▶ WORK REQUEST
All records below are to be set down precisely as written, excluding pictures.

▶ INFORMATION SHOWN
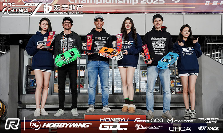 Infinity’s Bruno Coelho has retained his Asia Touring Car Championship title with a dominant display in the finals in Foshan, China. With this year’s FEMCA organised race attracting a stacked field due to the Hongyu GDC track hosting the World Championship next April, while qualifying produced TQ runs from three different drivers, in the finals the reigning World Champion was untouchable. His closest challenge would come from Awesomatix’s Lucas Urbain and while the French driver was closer in A2 he never really put Coelho’s title under threat. Feeling his set-up change for A2 wasn’t the right one, Coelho would run A3 winning that with the first & only 20-lap run of the weekend. While Urbain would crash out in A3, Naoto Matsukura fending off Michal Orlowski for P2, he would hold on for second overall while Orlowski completed the podium. Ryosuke Yamamoto and Pekko Iivonen completed the Top 5 ahead of Matsukura and Akio Sobue. In 13.5 Stock, it was also the Top Qualifier Shin Sawada who took the win. After a bad start to the finals spinning on lap 1, the Xray driver won A2 & 3 from team-mate Adam Izsay. Unfortunately the delayed time schedule meant A1 winner Enrico Jung had to leave for his flight back to Germany so it was Jan Ratheisky who completed the podium.
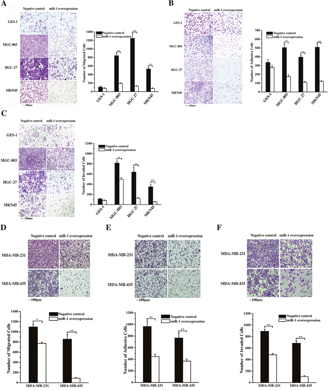 Figure 4: Effects of miR-1 on gastric and breast cancerous cell metastasis. A. Effect of miR-1 on gastric cancer cell metastasis. Gastric cancer cells (MGC-803, HGC-27 and MKN45) and the normal cells (GES-1) were transfected with the miR-1 precursor or the negative control. At 48 h after transfection, cell migration was examined, and the data were analyzed. Representative images are shown. Scale bar, 100 μm. B. Effects of miR-1 overexpression on the adhesion of gastric cancer cells. The cells were transfected with the miR-1 precursor or the negative control and then cultured for 48 h. The number of adherent cells was evaluated. Representative images are shown. Scale bar, 100 μm. C. The role of miR-1 in cancer cell invasion. miR-1 precursor-transfected cells were cultured for 48 h. Then, the cells were characterized with cell invasion assays. Scale bar, 100 μm. D. Evaluations of breast cancer cell migration. MDA-MB-231 and MDA-MB-435 cells were transfected with 30 nM of the miR-1 precursor or the negative control miRNA to overexpress miR-1. At 48 h after transfection, the migrated cells were examined. Representative images are shown. Scale bar, 100 μm. E. The influence of miR-1 overexpression on breast cancer cell invasion. At 48 h after miR-1 overexpression, the invaded cells were evaluated. Representative images are provided. Scale bar, 100 μm. F. Cell adhesion assays. Breast cancer cells treated with the miR-1 precursor were cultured for 48 h, then, the adherent cells were examined. Representative images are indicated. Scale bar, 100 μm. In all panels, asterisks represent statistically significant differences between treatments (*, p < 0.1; **, p < 0.05).
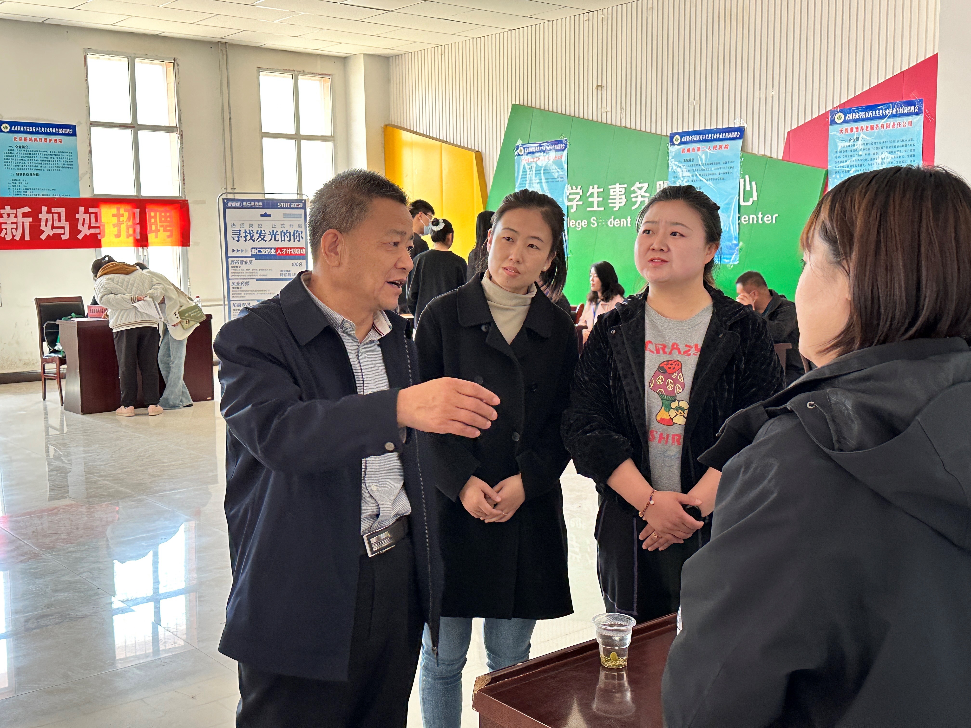 學(xué)院高度重視此次招聘活動,會前主動邀請、積極與用人單位溝通,頻繁進行會議預(yù)熱宣傳。本次招聘單位有新疆輪臺縣人民醫(yī)院、新源縣人民醫(yī)院、武威市第二人民醫(yī)院、咸陽不老幫智慧養(yǎng)老有限公司、北京新媽媽母嬰護理院等共計14家省內(nèi)外醫(yī)院、民營醫(yī)療機構(gòu)到場參加。為了給更多同學(xué)提供更多便利,本次招聘會采用線上線下同步進行的方式,共計提供優(yōu)質(zhì)崗位300余個。
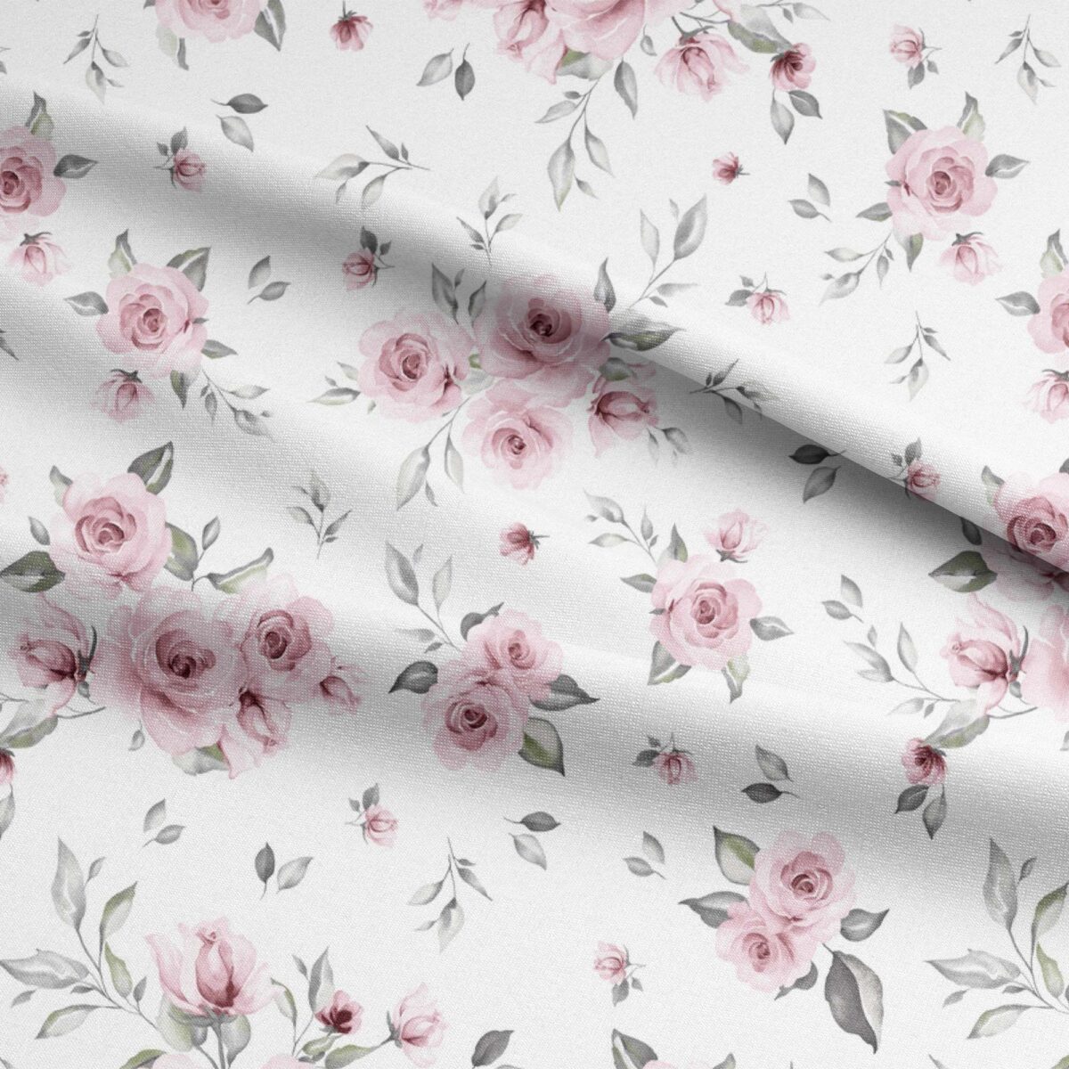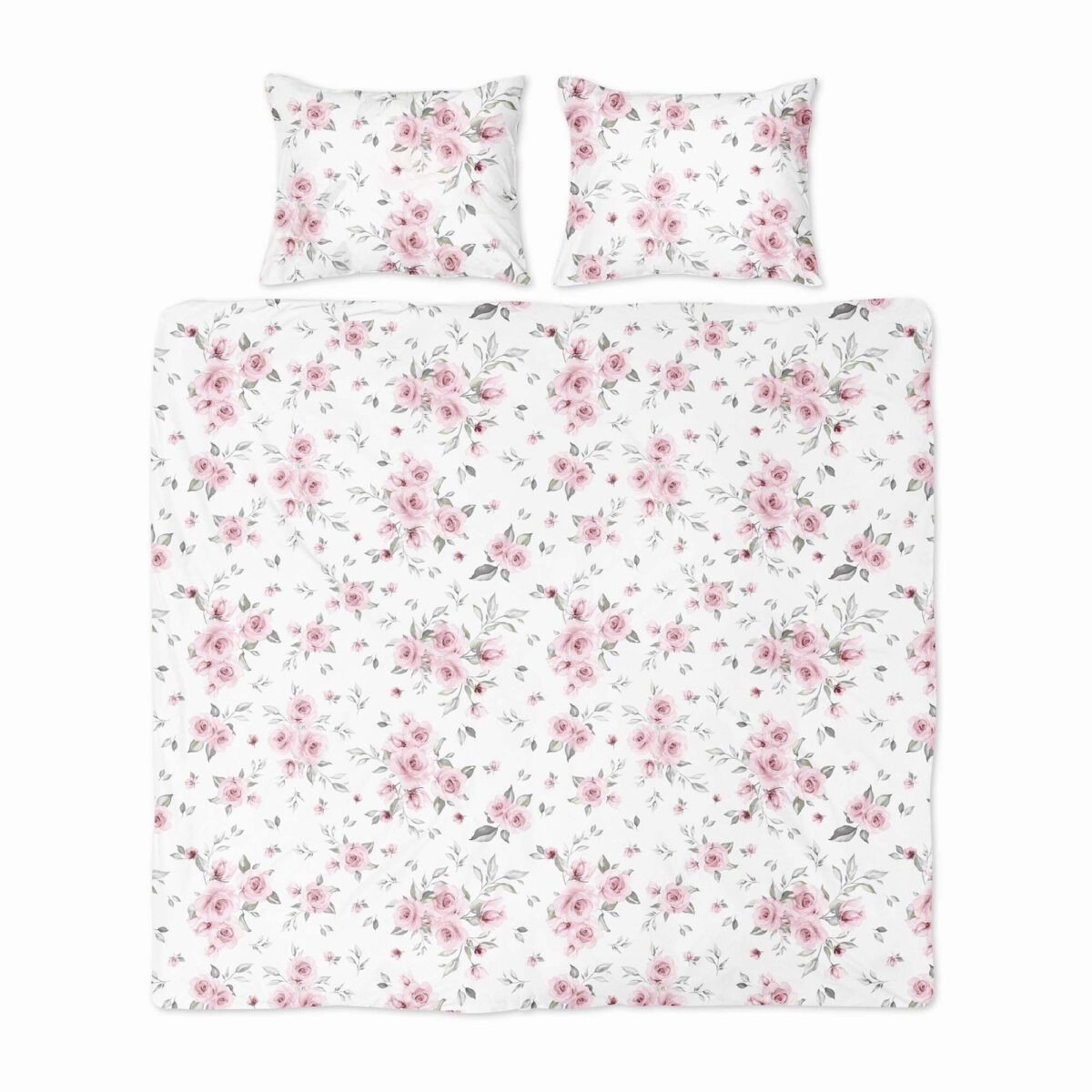 Pościel Romantyczne Róże to połączenie delikatności i ponadczasowej elegancji inspirowanej klasycznymi motywami kwiatowymi. Jasne, białe tło zdobią subtelne róże w odcieniach różu, uzupełnione delikatną zielenią liści, tworząc lekką i harmonijną kompozycję. Wzór wprowadza do sypialni atmosferę przytulności, spokoju i kobiecej subtelności, sprzyjając codziennemu relaksowi oraz komfortowemu wypoczynkowi. To idealny wybór do wnętrz w stylu romantycznym, klasycznym i boho — dla osób ceniących delikatny design i ponadczasowe piękno.
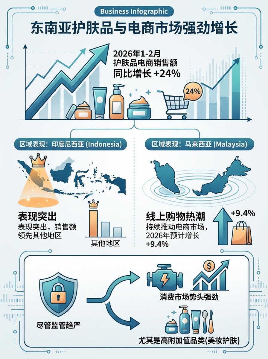 2026年1-2月,东南亚护肤品电商销售额同比增长24%,其中印尼市场表现尤为突出,销售额领先其他地区。线上购物热潮持续推动马来西亚电商市场,预计2026年将增长9.4%。这些数据表明,尽管监管趋严,但东南亚消费市场依然保持强劲增长势头,尤其是美妆护肤等高附加值品类。

▶ SOLUTION
 Infinity’s Bruno Coelho has retained his Asia Touring Car Championship title with a dominant display in the finals in Foshan, China. With this year’s FEMCA organised race attracting a stacked field due to the Hongyu GDC track hosting the World Championship next April, while qualifying produced TQ runs from three different drivers, in the finals the reigning World Champion was untouchable. His closest challenge would come from Awesomatix’s Lucas Urbain and while the French driver was closer in A2 he never really put Coelho’s title under threat. Feeling his set-up change for A2 wasn’t the right one, Coelho would run A3 winning that with the first & only 20-lap run of the weekend. While Urbain would crash out in A3, Naoto Matsukura fending off Michal Orlowski for P2, he would hold on for second overall while Orlowski completed the podium. Ryosuke Yamamoto and Pekko Iivonen completed the Top 5 ahead of Matsukura and Akio Sobue. In 13.5 Stock, it was also the Top Qualifier Shin Sawada who took the win. After a bad start to the finals spinning on lap 1, the Xray driver won A2 & 3 from team-mate Adam Izsay. Unfortunately the delayed time schedule meant A1 winner Enrico Jung had to leave for his flight back to Germany so it was Jan Ratheisky who completed the podium.
 Figure 4: Effects of miR-1 on gastric and breast cancerous cell metastasis. A. Effect of miR-1 on gastric cancer cell metastasis. Gastric cancer cells (MGC-803, HGC-27 and MKN45) and the normal cells (GES-1) were transfected with the miR-1 precursor or the negative control. At 48 h after transfection, cell migration was examined, and the data were analyzed. Representative images are shown. Scale bar, 100 μm. B. Effects of miR-1 overexpression on the adhesion of gastric cancer cells. The cells were transfected with the miR-1 precursor or the negative control and then cultured for 48 h. The number of adherent cells was evaluated. Representative images are shown. Scale bar, 100 μm. C. The role of miR-1 in cancer cell invasion. miR-1 precursor-transfected cells were cultured for 48 h. Then, the cells were characterized with cell invasion assays. Scale bar, 100 μm. D. Evaluations of breast cancer cell migration. MDA-MB-231 and MDA-MB-435 cells were transfected with 30 nM of the miR-1 precursor or the negative control miRNA to overexpress miR-1. At 48 h after transfection, the migrated cells were examined. Representative images are shown. Scale bar, 100 μm. E. The influence of miR-1 overexpression on breast cancer cell invasion. At 48 h after miR-1 overexpression, the invaded cells were evaluated. Representative images are provided. Scale bar, 100 μm. F. Cell adhesion assays. Breast cancer cells treated with the miR-1 precursor were cultured for 48 h, then, the adherent cells were examined. Representative images are indicated. Scale bar, 100 μm. In all panels, asterisks represent statistically significant differences between treatments (*, p < 0.1; **, p < 0.05).
 學(xué)院高度重視此次招聘活動,會前主動邀請、積極與用人單位溝通,頻繁進行會議預(yù)熱宣傳。本次招聘單位有新疆輪臺縣人民醫(yī)院、新源縣人民醫(yī)院、武威市第二人民醫(yī)院、咸陽不老幫智慧養(yǎng)老有限公司、北京新媽媽母嬰護理院等共計14家省內(nèi)外醫(yī)院、民營醫(yī)療機構(gòu)到場參加。為了給更多同學(xué)提供更多便利,本次招聘會采用線上線下同步進行的方式,共計提供優(yōu)質(zhì)崗位300余個。
 Pościel Romantyczne Róże to połączenie delikatności i ponadczasowej elegancji inspirowanej klasycznymi motywami kwiatowymi. Jasne, białe tło zdobią subtelne róże w odcieniach różu, uzupełnione delikatną zielenią liści, tworząc lekką i harmonijną kompozycję. Wzór wprowadza do sypialni atmosferę przytulności, spokoju i kobiecej subtelności, sprzyjając codziennemu relaksowi oraz komfortowemu wypoczynkowi. To idealny wybór do wnętrz w stylu romantycznym, klasycznym i boho — dla osób ceniących delikatny design i ponadczasowe piękno.
 2026年1-2月,东南亚护肤品电商销售额同比增长24%,其中印尼市场表现尤为突出,销售额领先其他地区。线上购物热潮持续推动马来西亚电商市场,预计2026年将增长9.4%。这些数据表明,尽管监管趋严,但东南亚消费市场依然保持强劲增长势头,尤其是美妆护肤等高附加值品类。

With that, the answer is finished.